The life expectancy of people with sickle cell anemia, once about 40 years for men and 50 for women, has increased to 70 and 75, respectively. The greatest strides have been made in preventing and treating infections. With the discovery of hydroxyurea, a medicine that relieves painful crises without increasing the risk of infection or other side effects, many patients are living reasonably normal lives.
Sickle cell disease is an inherited disease affecting more than 100 million people worldwide. Those suffering from it simply need a healthy diet and lifestyle to manage their symptoms.
Scientists have also discovered in an animal model that a gene called SHIP, which is found in red blood cells, prevents sickling and protects the cells from damage. In a healthy person, SHIP either does not get turned on or it gets turned off after a certain period of time. But in people with sickle cell disease, some of their blood cells have an abnormality with this genetic structure called a deletion, which keeps them from turning off the gene.
Sickle cell disease is a genetic, life-long disorder that affects one in every 365 African Americans. According to the NIH, symptoms of the disease include: Chronic, periodic pain; joint pain; muscle/limb pain; mild and severe infections. The NIH also states that there is no cure for sickle cell disease at this time.
The life expectancy of people with sickle cell anemia, once about 40 years for men and 50 for women, has increased to 70 and 75, respectively. The greatest strides have been made in preventing and treating infections. With the discovery of hydroxyurea, a medicine that relieves painful crises without increasing the risk of infection or other side effects, many patients are living reasonably normal lives.
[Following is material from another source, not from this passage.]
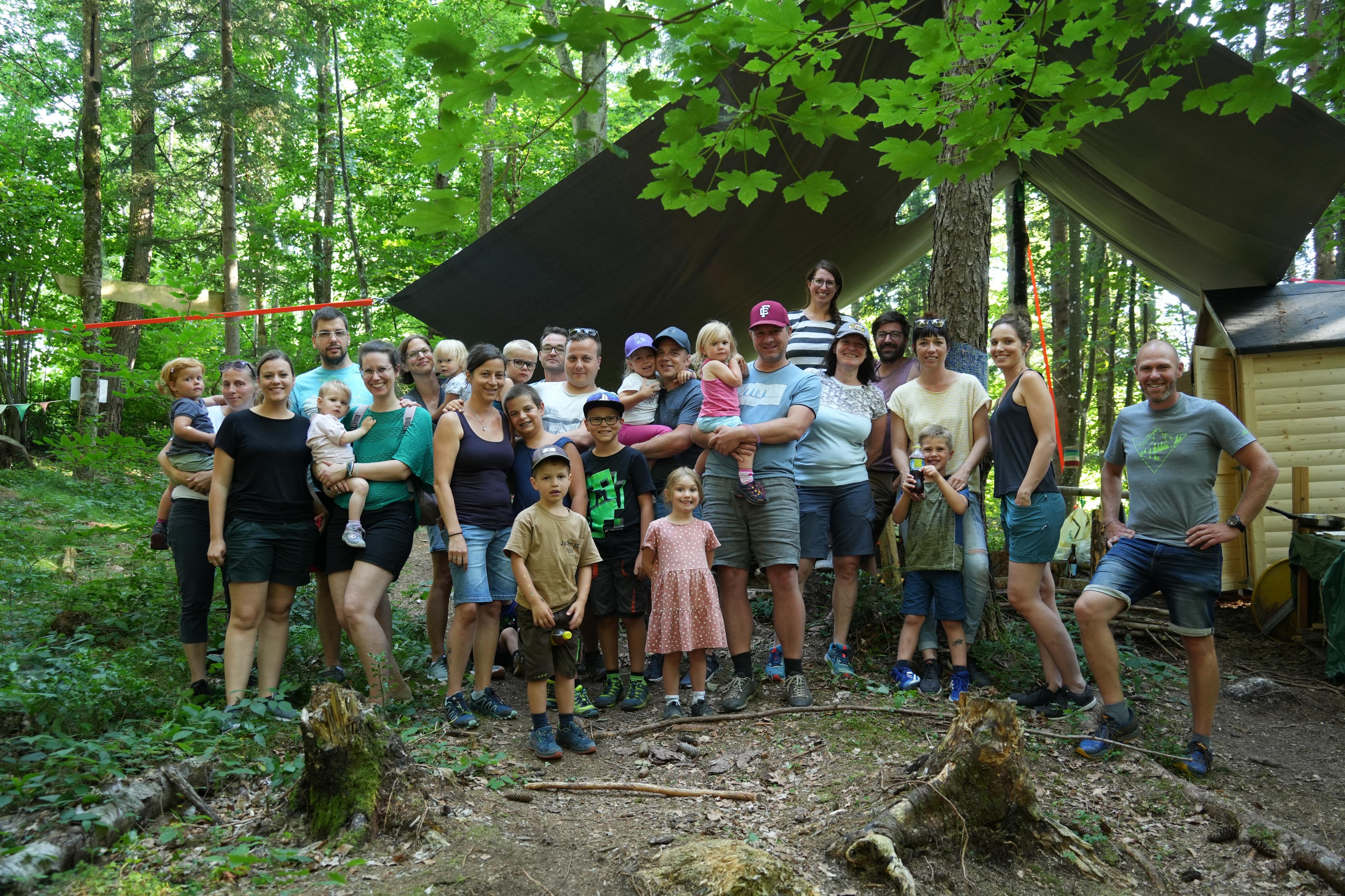 Mit einem Grillfest haben sich Gemeinde und Kindergarten-Team bei den Eltern für ihr wunderbares Wald-Engagement bedankt. (c) Kathan (kam)
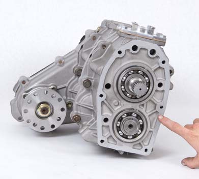 12. Using 6 of the 9 stock bolts, 1 allen head bolt and 2 M10-1.25x35 bolts, attach transfer case to transmission. Use blue LocTite® on all bolts. Tighten bolts to 30 ft. lbs.

Sickle cell disease is an inherited disease affecting more than 100 million people worldwide. Those suffering from it simply need a healthy diet and lifestyle to manage their symptoms.
Scientists have also discovered in an animal model that a gene called SHIP, which is found in red blood cells, prevents sickling and protects the cells from damage. In a healthy person, SHIP either does not get turned on or it gets turned off after a certain period of time. But in people with sickle cell disease, some of their blood cells have an abnormality with this genetic structure called a deletion, which keeps them from turning off the gene.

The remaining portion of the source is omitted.